Set the pictures aside and set down only the lines from the line holding "Sutras printed in" through the end of the entries below, ends included.
+---+
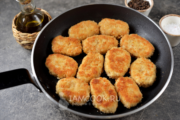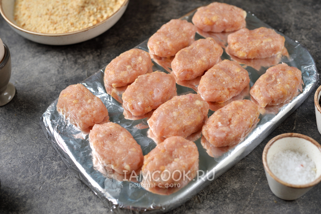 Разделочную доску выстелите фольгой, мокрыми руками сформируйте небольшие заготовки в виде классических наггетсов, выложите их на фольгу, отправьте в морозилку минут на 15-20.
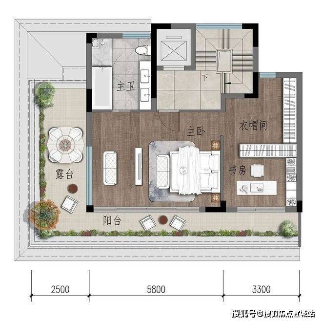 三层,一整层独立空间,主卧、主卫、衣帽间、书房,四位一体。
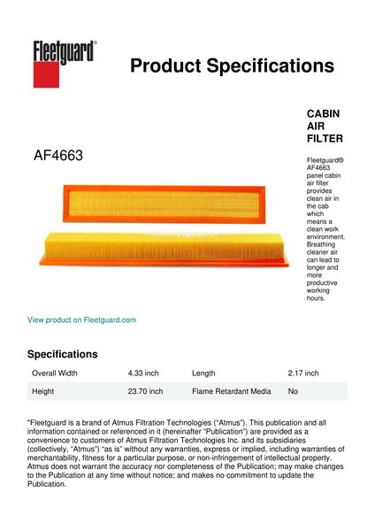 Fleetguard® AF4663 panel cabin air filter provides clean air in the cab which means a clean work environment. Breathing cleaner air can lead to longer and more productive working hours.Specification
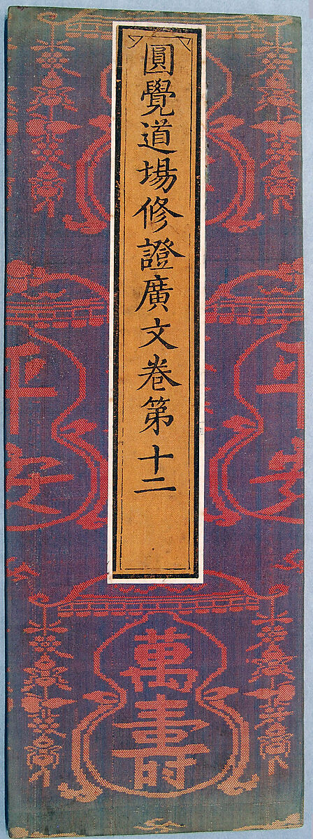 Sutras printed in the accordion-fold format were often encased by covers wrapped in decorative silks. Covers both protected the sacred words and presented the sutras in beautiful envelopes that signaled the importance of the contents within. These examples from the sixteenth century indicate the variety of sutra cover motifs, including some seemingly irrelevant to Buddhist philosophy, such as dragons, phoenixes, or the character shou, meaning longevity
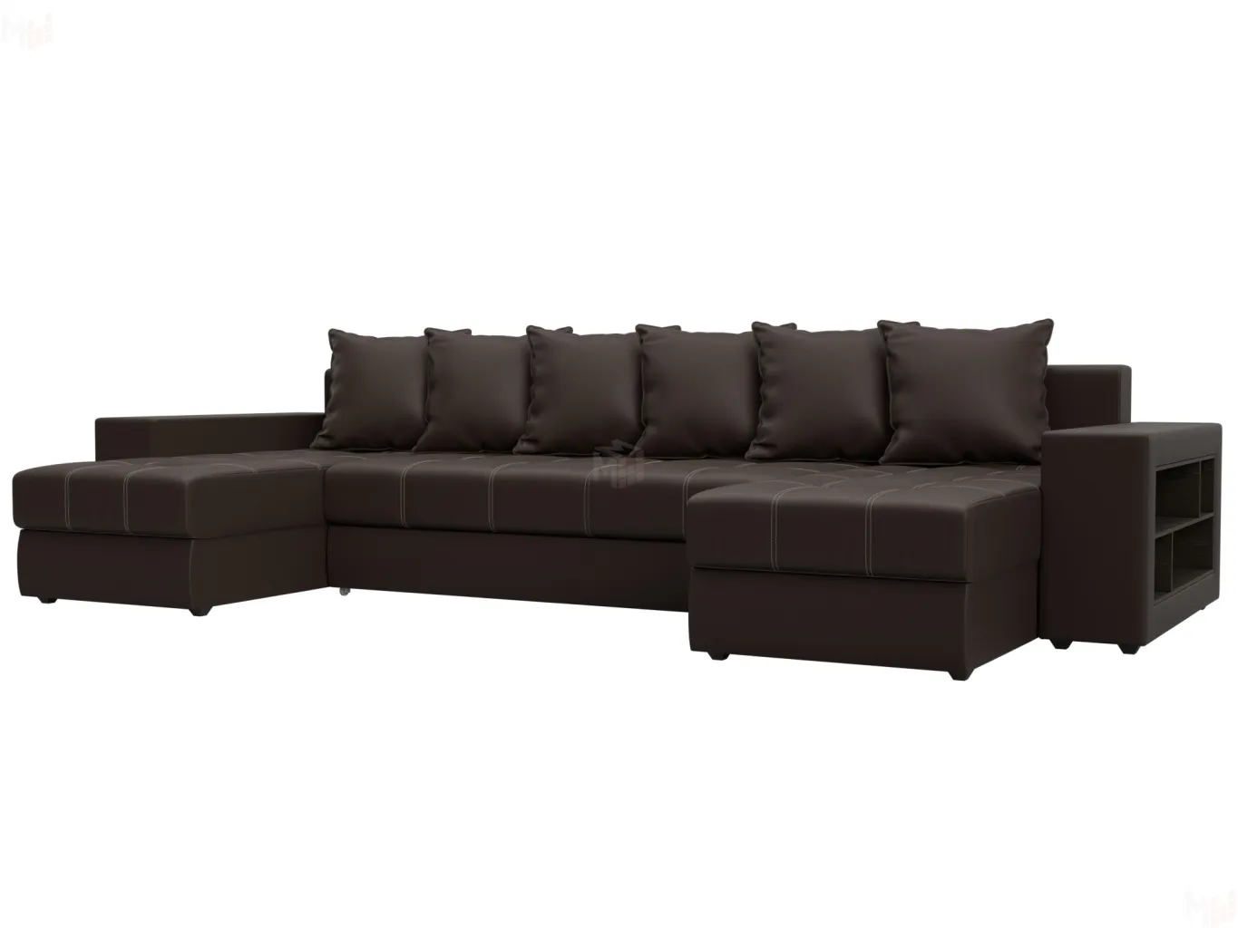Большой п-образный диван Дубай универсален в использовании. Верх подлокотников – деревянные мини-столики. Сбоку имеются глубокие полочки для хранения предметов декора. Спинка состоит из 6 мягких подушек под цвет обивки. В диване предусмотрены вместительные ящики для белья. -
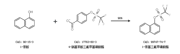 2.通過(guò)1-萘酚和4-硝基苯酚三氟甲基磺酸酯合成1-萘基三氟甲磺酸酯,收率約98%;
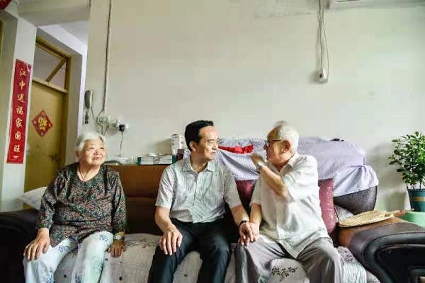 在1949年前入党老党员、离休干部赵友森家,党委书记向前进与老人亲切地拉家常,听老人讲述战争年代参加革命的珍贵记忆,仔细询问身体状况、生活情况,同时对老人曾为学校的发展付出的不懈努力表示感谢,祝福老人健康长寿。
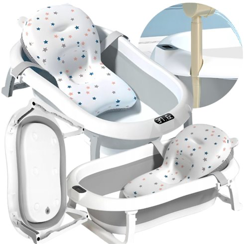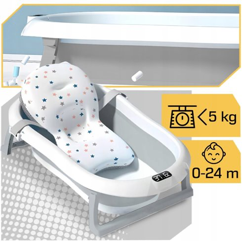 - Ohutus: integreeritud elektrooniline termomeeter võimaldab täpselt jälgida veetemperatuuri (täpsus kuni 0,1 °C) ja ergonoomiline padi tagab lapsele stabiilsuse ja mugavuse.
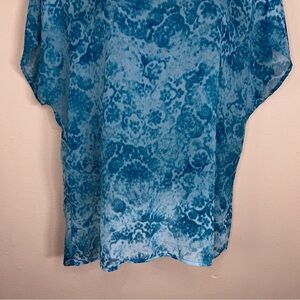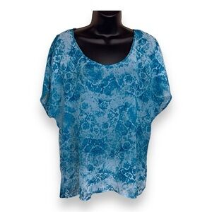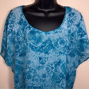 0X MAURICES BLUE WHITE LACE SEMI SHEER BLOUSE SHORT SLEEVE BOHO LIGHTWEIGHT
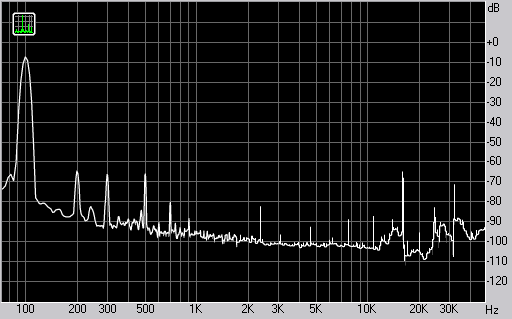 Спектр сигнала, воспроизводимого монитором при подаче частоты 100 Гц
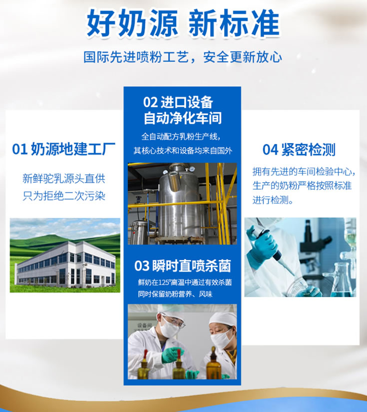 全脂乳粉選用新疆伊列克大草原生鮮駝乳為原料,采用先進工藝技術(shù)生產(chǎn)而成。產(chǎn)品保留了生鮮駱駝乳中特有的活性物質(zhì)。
+---+
FINISHED EXERCISE =>
 Sutras printed in the accordion-fold format were often encased by covers wrapped in decorative silks. Covers both protected the sacred words and presented the sutras in beautiful envelopes that signaled the importance of the contents within. These examples from the sixteenth century indicate the variety of sutra cover motifs, including some seemingly irrelevant to Buddhist philosophy, such as dragons, phoenixes, or the character shou, meaning longevity
Большой п-образный диван Дубай универсален в использовании. Верх подлокотников – деревянные мини-столики. Сбоку имеются глубокие полочки для хранения предметов декора. Спинка состоит из 6 мягких подушек под цвет обивки. В диване предусмотрены вместительные ящики для белья. -
 2.通過(guò)1-萘酚和4-硝基苯酚三氟甲基磺酸酯合成1-萘基三氟甲磺酸酯,收率約98%;
 在1949年前入党老党员、离休干部赵友森家,党委书记向前进与老人亲切地拉家常,听老人讲述战争年代参加革命的珍贵记忆,仔细询问身体状况、生活情况,同时对老人曾为学校的发展付出的不懈努力表示感谢,祝福老人健康长寿。
 - Ohutus: integreeritud elektrooniline termomeeter võimaldab täpselt jälgida veetemperatuuri (täpsus kuni 0,1 °C) ja ergonoomiline padi tagab lapsele stabiilsuse ja mugavuse.
 0X MAURICES BLUE WHITE LACE SEMI SHEER BLOUSE SHORT SLEEVE BOHO LIGHTWEIGHT
 Спектр сигнала, воспроизводимого монитором при подаче частоты 100 Гц
 全脂乳粉選用新疆伊列克大草原生鮮駝乳為原料,采用先進工藝技術(shù)生產(chǎn)而成。產(chǎn)品保留了生鮮駱駝乳中特有的活性物質(zhì)。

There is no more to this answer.